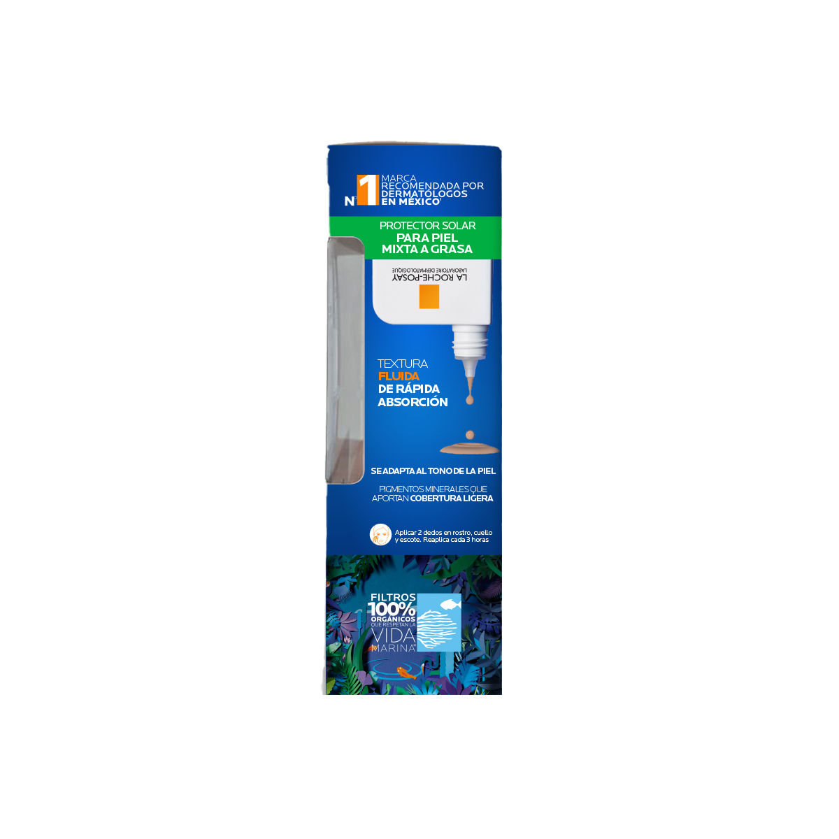 3. Anthelios UVMune 400 Oil Control Fluido con Color: aplicar como último paso por la mañana antes de la exposición solar; reaplicar el protector conforme necesario, especialmente después de sudar o contacto con agua
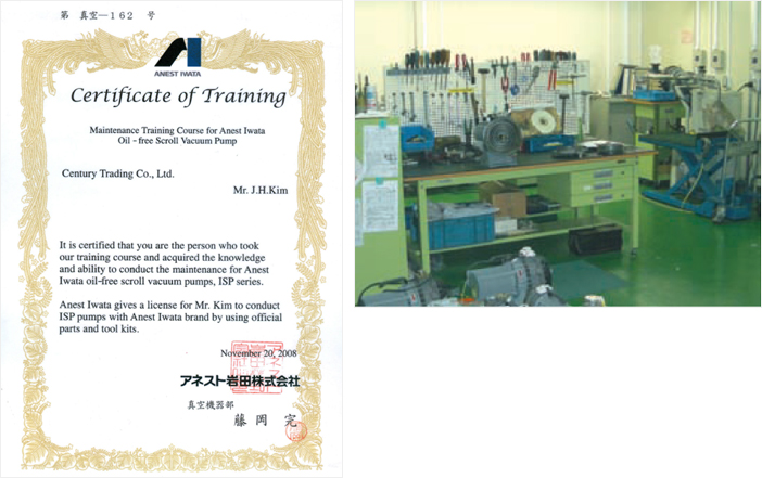 진공펌프는 고속의 회전체로 운전시간 기준 매8,000 시간마다 소모품을 교환해야 주요부품을 보호할 수 있습니다. 국내 판매된 제품에 대하여 당사는 제품고유의 시리얼 번호를 관리하여 상시 대기중인 전문 인력을 통한 철저한 메인터넌스 관리를 실시하고 있습니다.
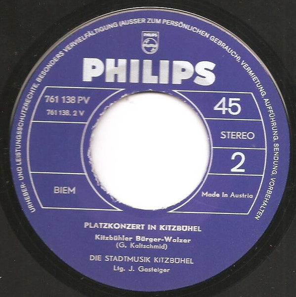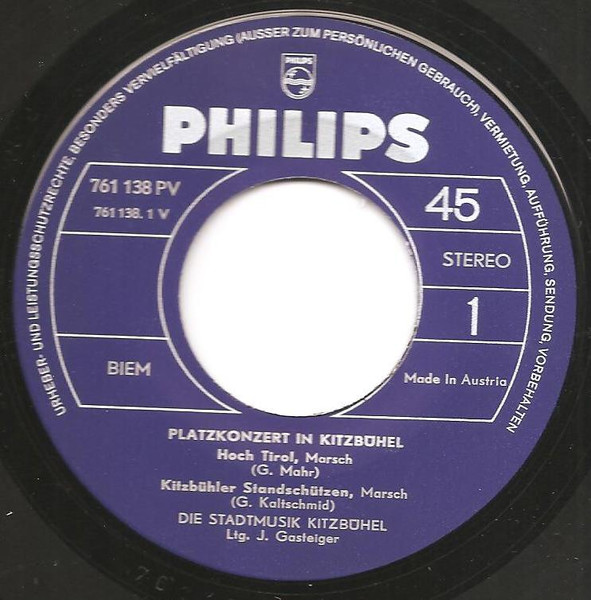 Vinyl / Die Stadtmusik Kitzbühel , Ltg. J. Gasteiger* - Platzkonzert In Kitzbühel
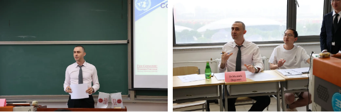 首先,赵燚老师带领同学们回顾并观看了往年会议精彩视频集锦,随后宣布本次模拟联合国大会正式开始。本次模拟联合国大会以“Educational Problems in Conflict Areas”(战乱地区的教育问题)为主题,200001班的同学们分别作为中国、美国、英国等12个国家的教科文组织代表团出席。
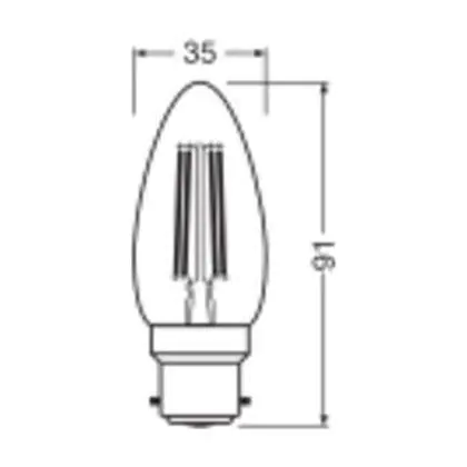 Description Ledvance Classic LED B22 Bougie Filament Claire 3.4W 470lm - 827 Blanc Très Chaud | Remplacement 40W
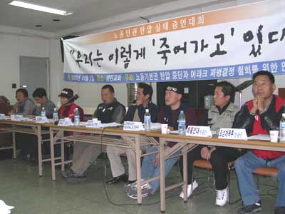 11월 ‘노동기본권 탄압 중단과 이라크 파병 결정 철회를 촉구하는 인권단체’들이 모여 <2003년 노동기본권 실태보고서>를 제출하였다. ‘국제인권 기준으로 본 노동기본권의 현 주소’라는 제목의 이번 보고서는 30여 개의 단체가 참여하여 결성된 노동기본권실태조사팀이 작성한 것이다.
··········
# Task description:
Could you set down, exactly as written, every line from the start of the records above through the line containing "Problems in Conflict", leaving the pictures out?

# Exercise solution:
 3. Anthelios UVMune 400 Oil Control Fluido con Color: aplicar como último paso por la mañana antes de la exposición solar; reaplicar el protector conforme necesario, especialmente después de sudar o contacto con agua
 진공펌프는 고속의 회전체로 운전시간 기준 매8,000 시간마다 소모품을 교환해야 주요부품을 보호할 수 있습니다. 국내 판매된 제품에 대하여 당사는 제품고유의 시리얼 번호를 관리하여 상시 대기중인 전문 인력을 통한 철저한 메인터넌스 관리를 실시하고 있습니다.
 Vinyl / Die Stadtmusik Kitzbühel , Ltg. J. Gasteiger* - Platzkonzert In Kitzbühel
 首先,赵燚老师带领同学们回顾并观看了往年会议精彩视频集锦,随后宣布本次模拟联合国大会正式开始。本次模拟联合国大会以“Educational Problems in Conflict Areas”(战乱地区的教育问题)为主题,200001班的同学们分别作为中国、美国、英国等12个国家的教科文组织代表团出席。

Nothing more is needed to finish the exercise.